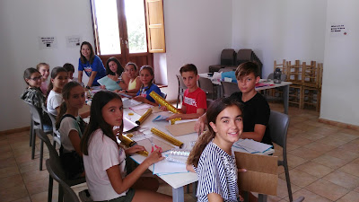 We ate salad and fideuà. We had yoghourt for dessert. Then, some free time.
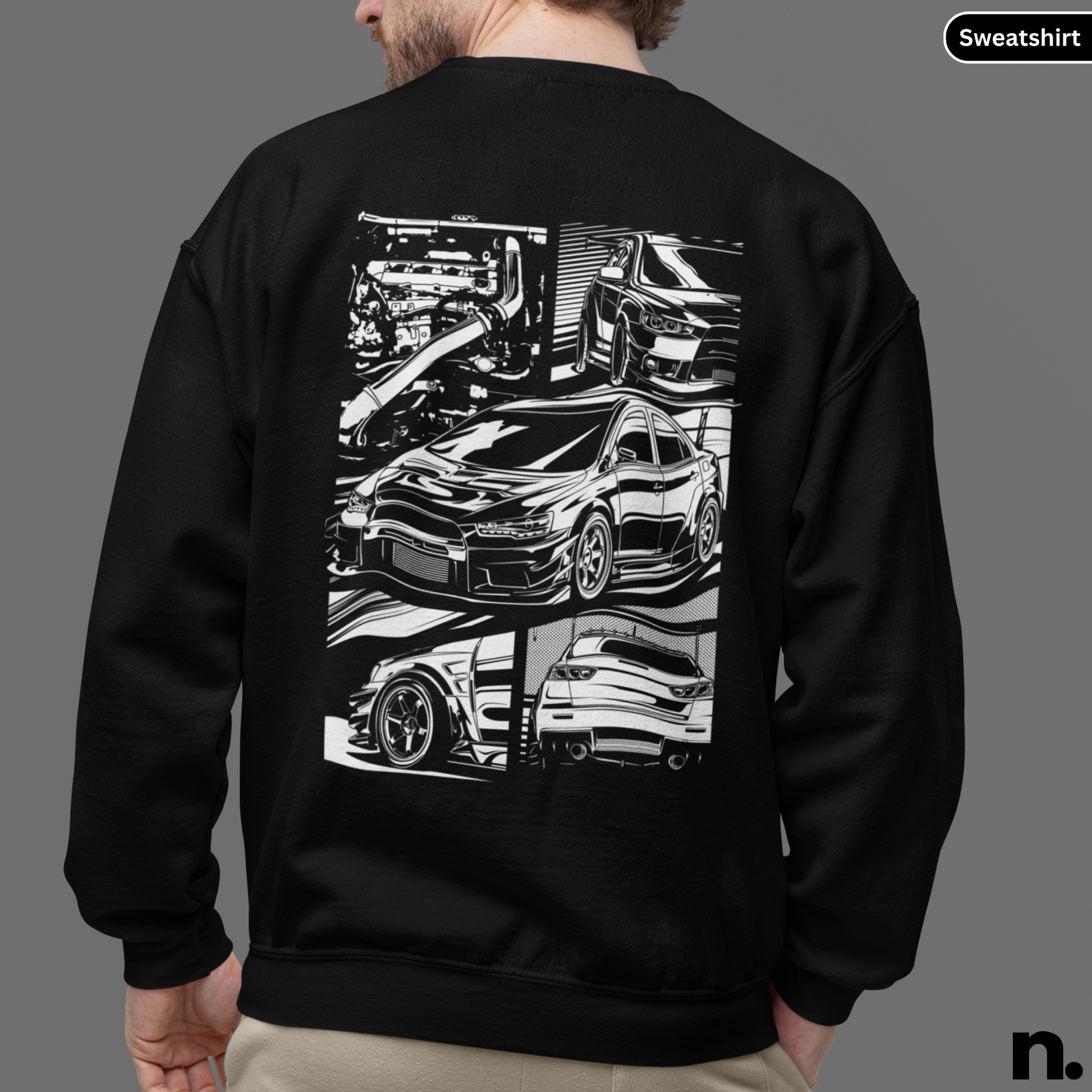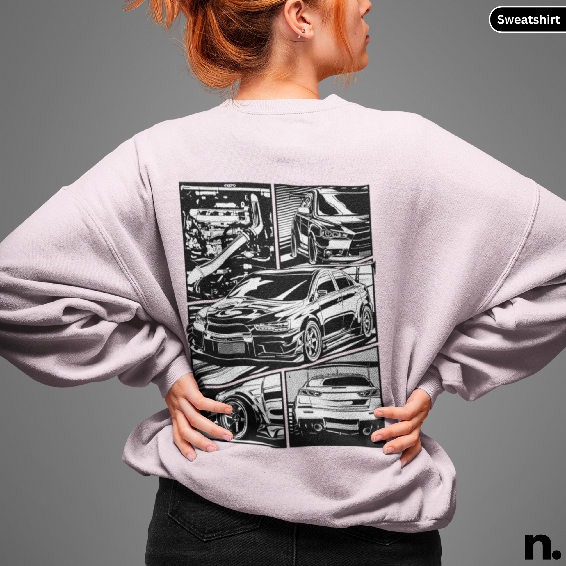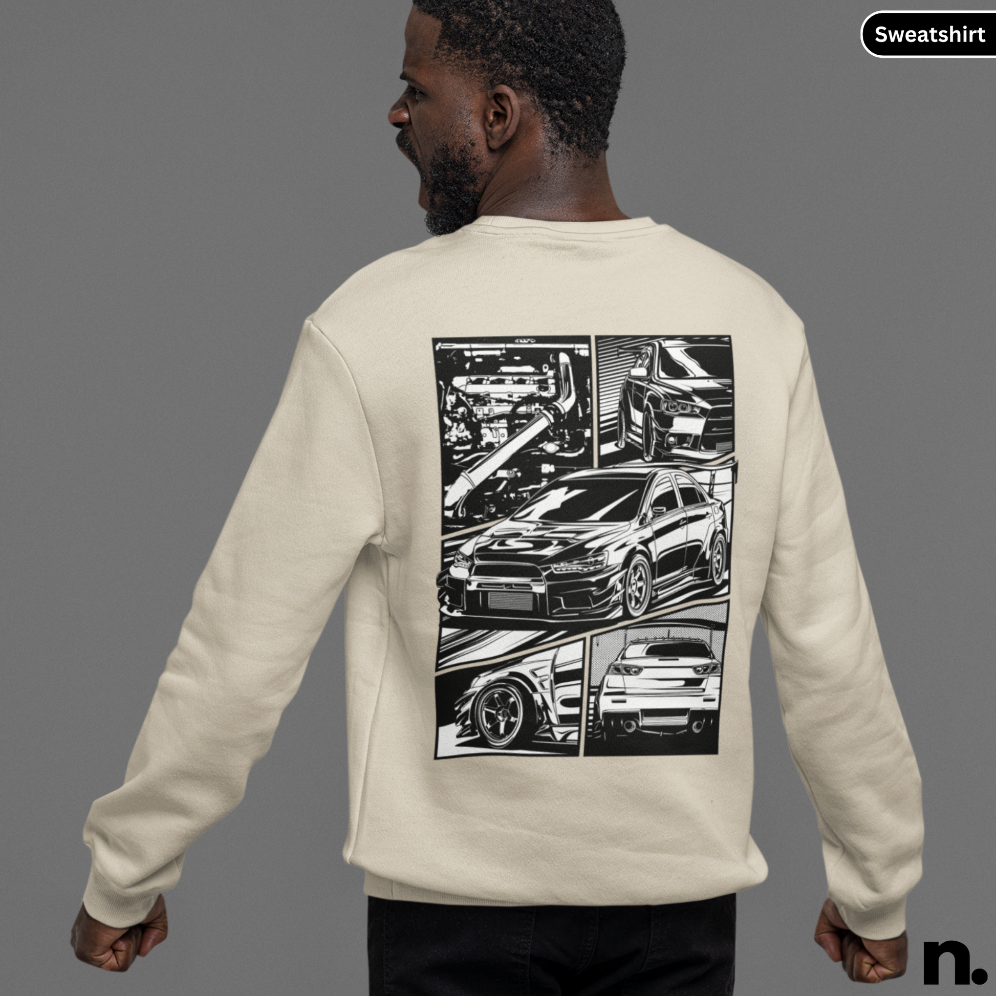This Evo X Illustration Poster Style Sweatshirt exudes a cool and edgy vibe, perfect for car enthusiasts and individuals who appreciate unique designs. It is ideal for those looking for a cozy and stylish sweatshirt to wear in the colder months, while showcasing their love for cars.
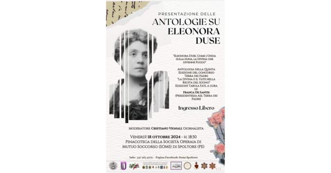 Oggi pomeriggio alle ore 18.30 si terrà , presso la pinacoteca della Società Operaia di Mutuo Soccorso di Spoltore, nell'ambito delle celebrazioni del Centenario della scomparsa di Eleonora Duse, la presentazione di due antologie, edite da "Tabula Fati" di Marco Solfanelli , sulla "Divina Musa" di Gabriele d'Annunzio, realizzate nell'ambito del progetto UNDULNA, l'antologia "Eleonora Duse, Come l'Onda sulla Duna, la Divina che divenne fuoco" e l'antologia della quinta edizione del concorso Terra dei Padri "La Divina e il Vate nella Recita del Sogno".
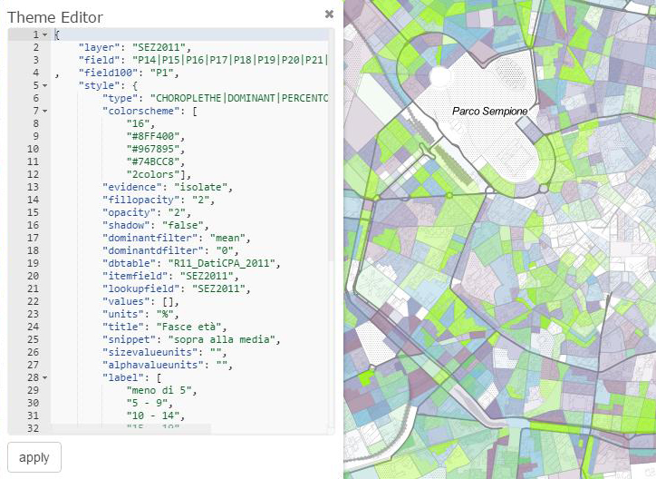 Every thematic map can easily be customized by the user by dedicated tools or by changing the theme definition directly by a code editor, realized with the ACE online code editor.
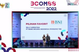 Menteri BUMN Erick Thohir (kanan) memberikan penghargaan kepada VP Corporate Communication & CSR PT Bank Negara Indonesia (Persero) Tbk. (BNI) Selly Adriatika sebagai pemenang juara favorit Corporate Communication of the year di Jakarta, Rabu, 23 Maret 2022. Kesuksesan tersebut diraih karena telah meningkatkan citra BNI sebagai Bank Global Terbaik Indonesia di masyarakat melalui program komunikasi di media konvensional, digital dan Media Sosial serta mendapatkan penghargaan Pemimpin Public Relation Berpengaruh 2021. Sellian itu berhasil juga membangun citra BNI sebagai Pioneer Green Banking, dan mendapatkan penghargaan Gold Rank – Asia Sustainability Reporting Rating 2021 selama 2 tahun berturut-turut.
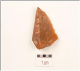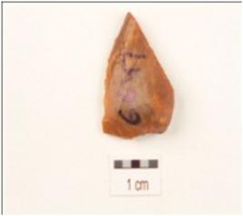 | Description / विवरण | Flake made on end struck flake, prepared platform on proximal end, bulb on ventral side, use wear marks on working edges. |
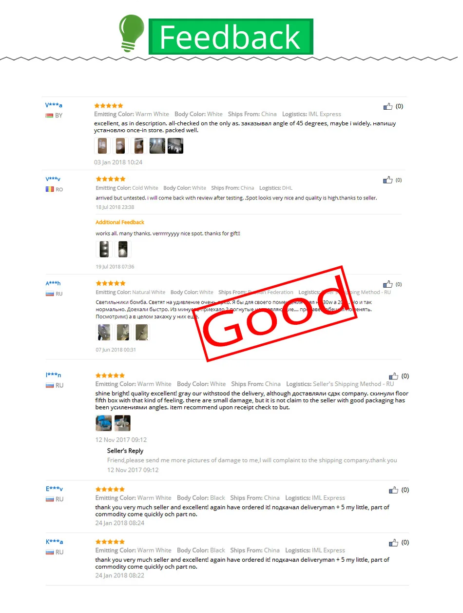 Заказываю у этого продавца уже второй раз, первые уже горят с 18 года, все ок, вторые установил на неотапливаемом балконе - работают. Качество 5 ( где то попадаются касячки при покраске, но они ничтожно малы и вы их с земли не разглядите). Так что советую! Фото не выложил, почему то не сохранились.
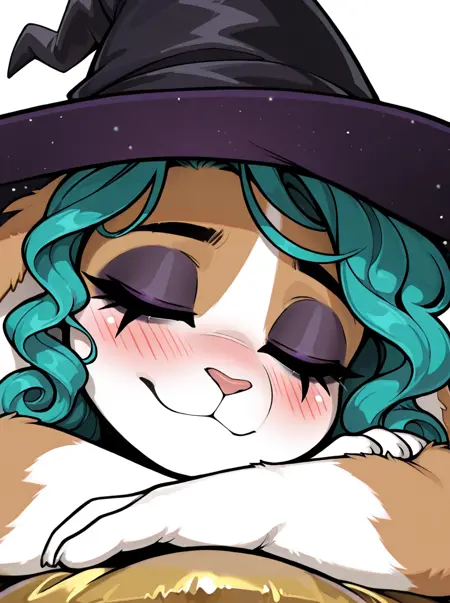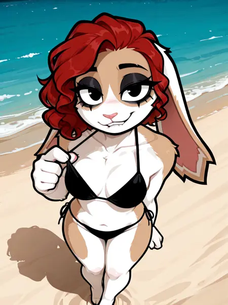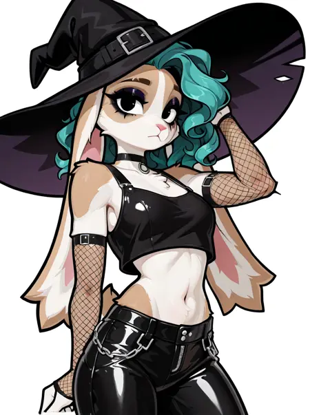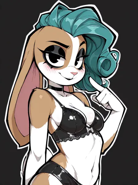 Triggers: anthro, female, lagomorph, floppy ears, black eyes, curly hair, cyan hair, mascara, eyeshadow, tan fur, white fur, multicolored fur
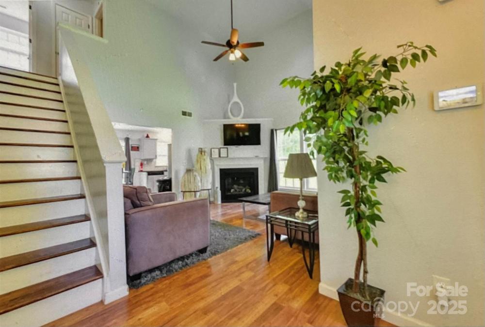Enjoy peaceful mornings on the inviting covered front porch, perfect for sipping coffee or tea. This beautifully maintained 4-bedroom, 2-bathroom home offers a thoughtful layout with the primary suite conveniently located on the main floor, complete with a cozy lounging and reading nook. Step inside to soaring vaulted ceilings and a bright, open living space. The gorgeous kitchen features granite countertops, a stylish tile backsplash, and stainless steel appliances — all included, as is. Upstairs, you'll find three spacious bedrooms, each with ceiling fans for year-round comfort. Both full bathrooms are fully tiled and designed with modern flair. This home also includes a 1-car garage that is fully functional for parking, storage, or can easily be transformed into a man cave, game room, home gym, or creative workspace — the choice is yours. Out back, a patio perfect for entertaining or relaxing, offering a seamless indoor-outdoor lifestyle. Tucked away in a serene cul-de-sac, this home blends comfort, style, and flexibility — ready for you to move in and enjoy.
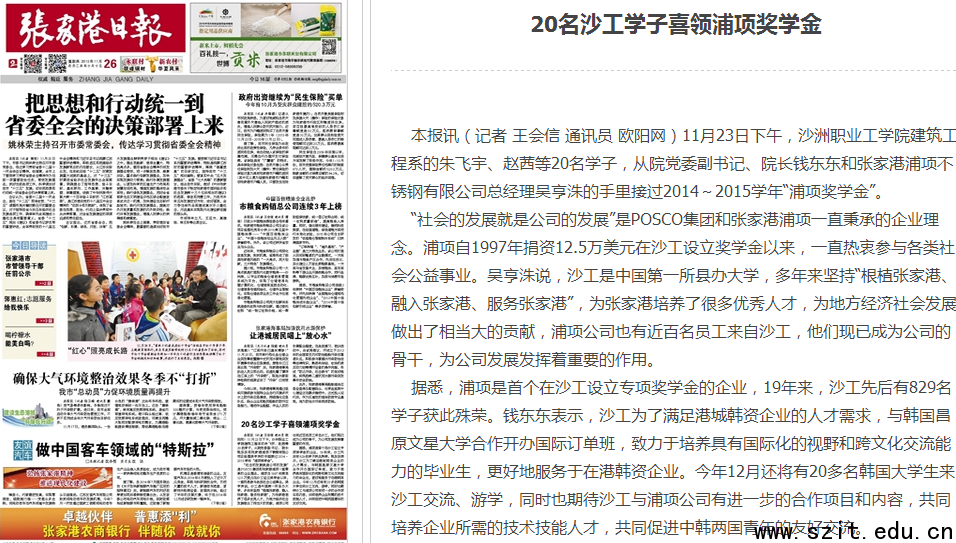 本报讯(记者 王会信 通讯员 欧阳网)11月23日下午 91视频网,免费不收费看污在线观看-免费看污污-免费看污污污视频软件建筑工程系的朱飞宇,赵茜等20名学子,从院党委副书记,院长钱东东和张家港浦项不锈钢有限公司总经理吴亨洙的手里接过2014~2015学年“浦项奖学金”。
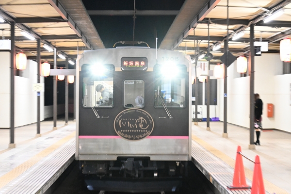 終点の飯坂温泉駅にて発車を待つ1000系。
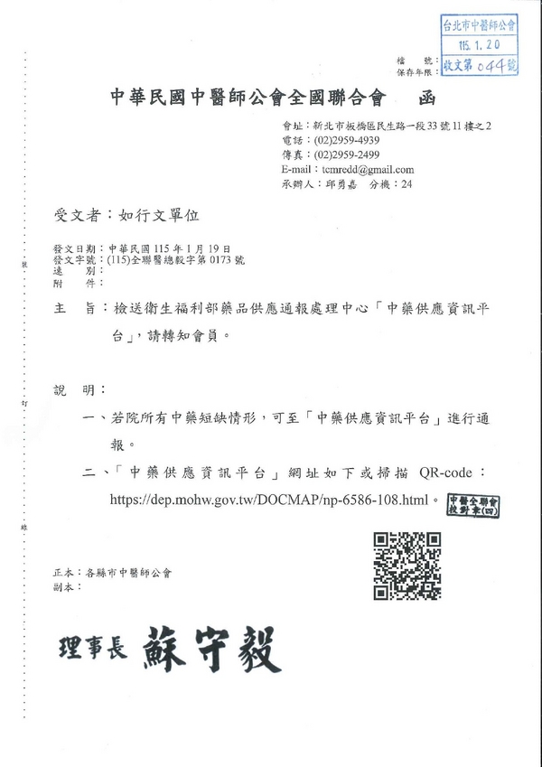 | 台北市中医师公会 官网:http://www.tpcma.org.tw 地址:台北市中正区青岛西路11号3楼 E-mail:tp.cma@msa.hinet.net 电话:(02)2314-3456(代表号) 传真:(02)2314-8181 |
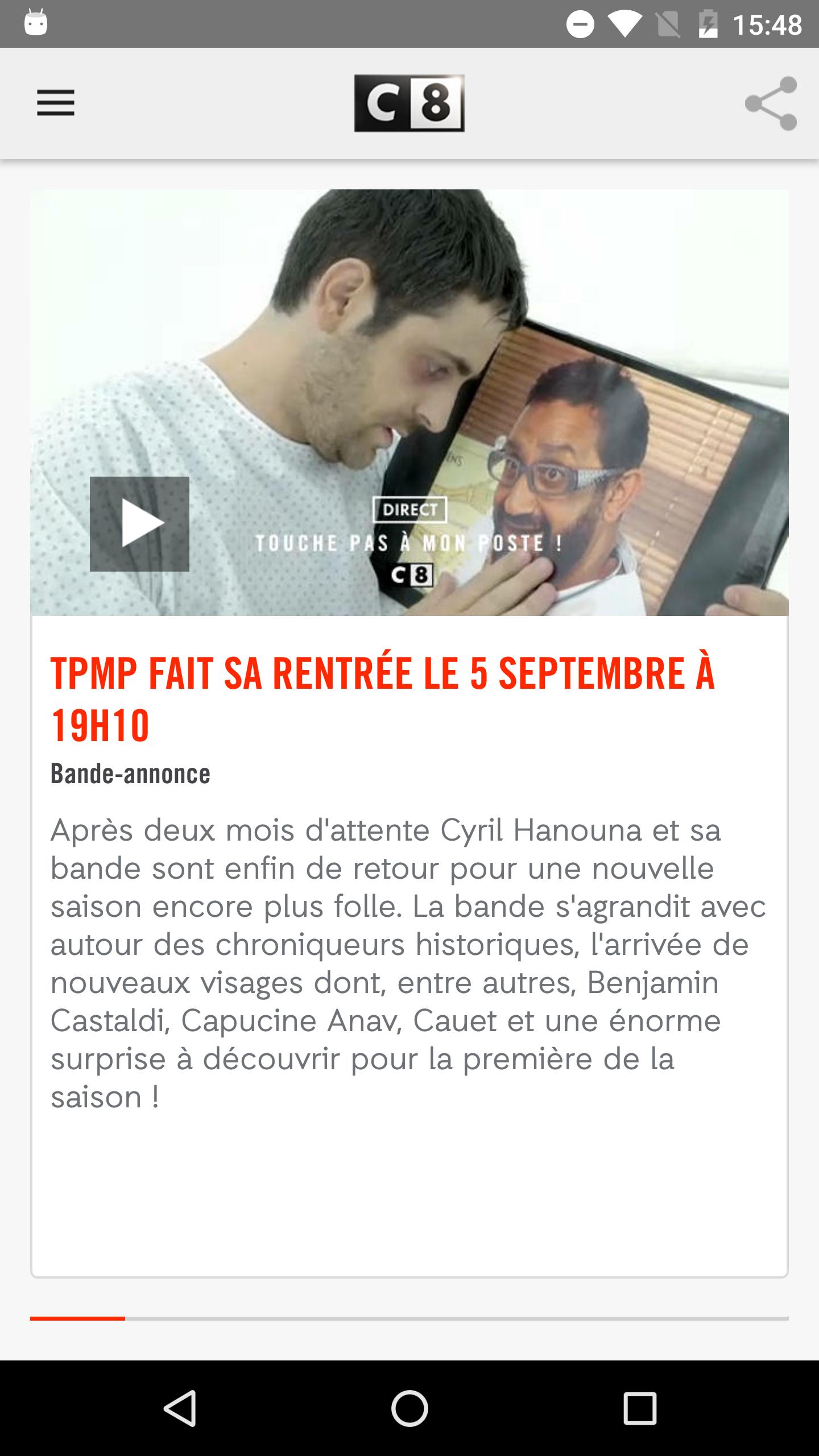 Aplikasi C8 memungkinkan Anda untuk menemukan semua program hiburan secara gratis dan tidak terbatas serta film dan serangkaian C8 : Touche Pas à mon poste, La Nouvelle Edition, Salut Les Terriens, Gym Direct, Palmashow. Temukan mereka secara langsung dan diputar ulang dengan Grid Program TV.
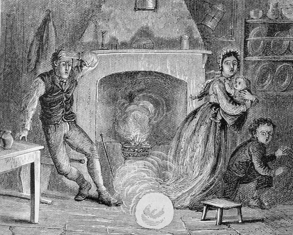 Torrents of rain, detonations of thunder, and a great ball of fire, the latter falling directly on the Vicarage, smashing a chimney pot and tumbling down the chimney, into the dining room. Just as the Vicar and his family were sitting down to enjoy dinner. As the electric current passed through the house, Edward’s wife, Sarah Louisa, sitting by the fire, received a violent shock, and then the bathroom was set on fire. The emergency services — in the form of a police constable, an Inspector, and the Fire Brigade — were quickly on the scene. So quickly in fact that there was no need for the water hose to be deployed ‘in anger‘. Burning woodwork was torn out and thrown onto the lawn.
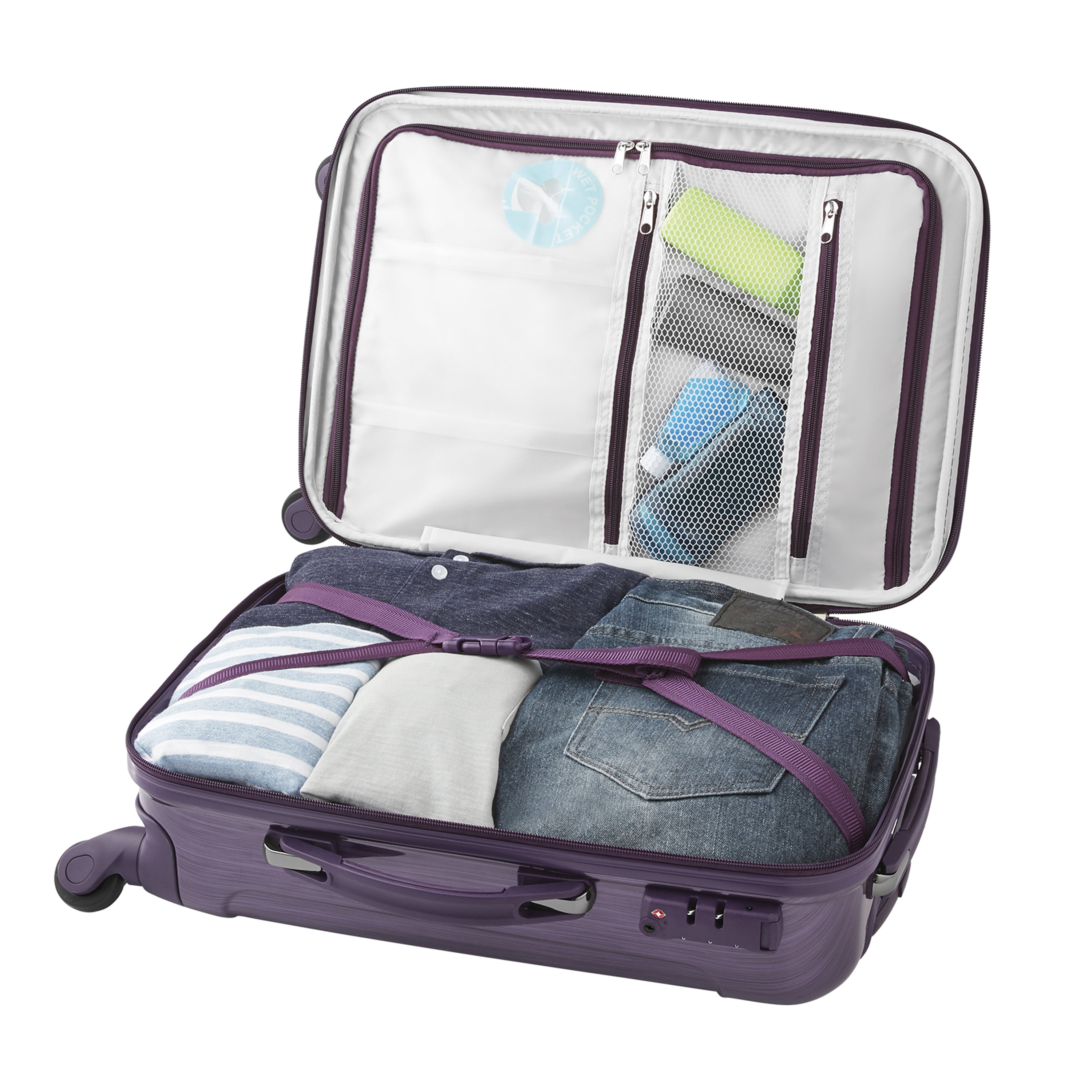 Protege Briarleigh 28″ Hardside Upright Luggage, Purple Material: ABS and polycarbonate Exterior measurements: 28″ x 12″ x 18.5″ Weight: 11.2 lbs Expands 2″ for extra packing capacity Fully lined with tie-down straps for your clothes Top and side soft grip carry handles Locking telescopic handle 4 easy-glide spinner wheels

* * * * * * * * *

**Work request:** The copy should hold exactly the lines above from the one with "終点の飯坂温泉駅にて発車を待つ1000系。" through the one with "电话:(02)2314-3456(代表号) 传真:(02)2314-8181 |", both ends counted, and no pictures at all.

**Answer space:**
 終点の飯坂温泉駅にて発車を待つ1000系。
 | 台北市中医师公会 官网:http://www.tpcma.org.tw 地址:台北市中正区青岛西路11号3楼 E-mail:tp.cma@msa.hinet.net 电话:(02)2314-3456(代表号) 传真:(02)2314-8181 |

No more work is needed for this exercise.